Most of us sit with Screener, Excel and ratios.
This post is an attempt to step back and look at the business as a living thing, not just a stock.

Why I started looking at All E Technologies

All E Technologies does not shout. No fancy AI buzzwords. No aggressive growth claims. No grand vision slides.
That itself made me pause.

Because in my limited experience, many businesses that blow up later usually look boring before they become interesting.

What this company actually does (in very simple words)

All E Technologies is not a product company and not a SaaS firm.
It is closer to a specialist mechanic for large companies’ software engines.

They help enterprises implement, upgrade, and run complex enterprise software systems.
Once such systems are implemented, clients don’t change vendors easily.

So this is a trust-based business, not a volume business.

Why growth looks slow (and why that may not be bad)

In enterprise consulting, you cannot grow faster than your people and delivery capability.
Many serious firms intentionally grow slowly to protect quality and relationships.

Why I find the current phase interesting

– SME listed but already reporting quarterly
– Improving disclosures
– No aggressive guidance
– No dilution
– Focus on execution, not hype

How a company like this can create wealth (if it does)

Not through sudden growth or rerating, but through slow compounding of trust, operating leverage, and better visibility over time.

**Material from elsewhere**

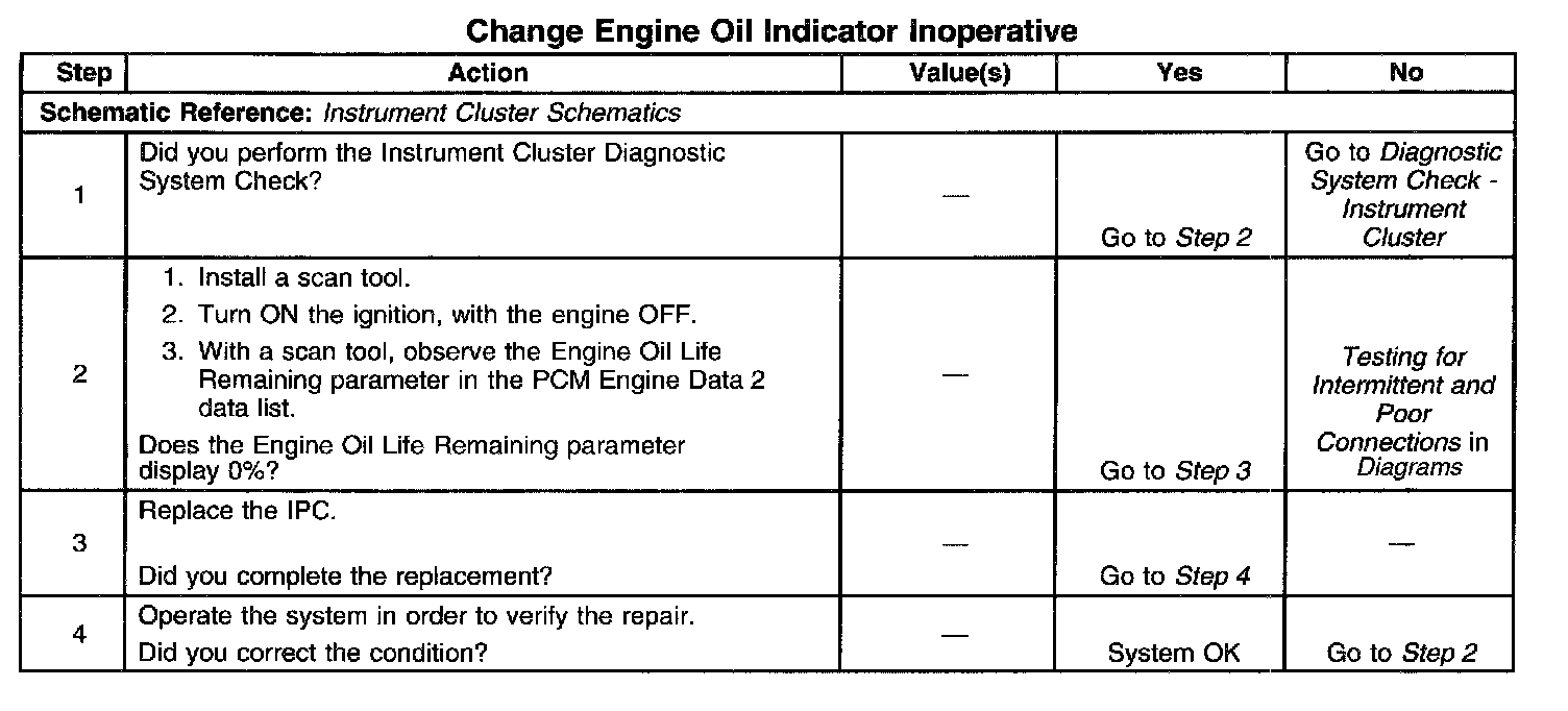 CHANGE ENGINE OIL Indicator Inoperative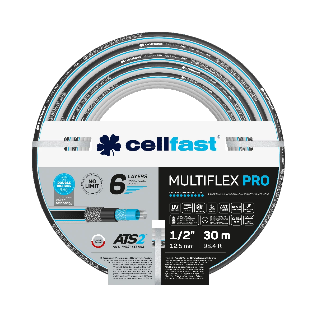 CELLFAST Locsolótömlő 6 Rétegű MULTIFLEX ATSV 1/2" 30 m

Red flags that can break the story

  1. Key people leaving
  2. Client concentration
  3. Pricing pressure from large IT firms
  4. Inability to scale leadership
  5. SME governance and liquidity risk

Disclosure & disclaimer

I am invested in All E Technologies.
This is not a buy/sell recommendation. I may be wrong.

Request

I would appreciate counter-views, red flags, and bear cases from experienced members.